### The data
····················
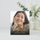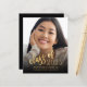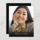 Anúncio de graduação moderno com uma foto vertical personalizada. As palavras "classe de" aparecem em um script de folha falsa em ouro, seguido do ano de classe editável em letra serif aberta e dourada. Adicione o nome do formando e a escola abaixo em fontes brancas sans serif. Substitua facilmente a imagem de amostra pela foto do seu próprio formando. Uma tela de gradiente preto ajuda a garantir que o texto seja pop. O reverso é preto sólido. Ideal para segundo grau ou formandos.
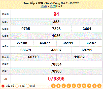 Kết quả xổ số Đồng Nai XSDN 01-10-2025
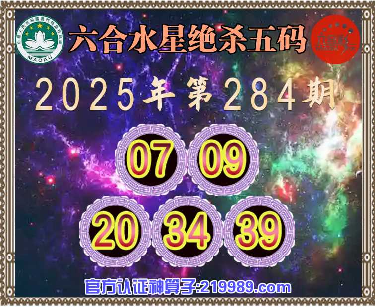 284期: 六合水星 🧶绝杀五码🧶【07.09.20.34.39】开:牛41
····················
### Exercise brief
Word for word, reproduce each line from the one with "Kết quả xổ số Đồng Nai XSDN 01-10-2025" through the last line of the material above, both included, and drop the pictures.

### Expected answer
 Kết quả xổ số Đồng Nai XSDN 01-10-2025
 284期: 六合水星 🧶绝杀五码🧶【07.09.20.34.39】开:牛41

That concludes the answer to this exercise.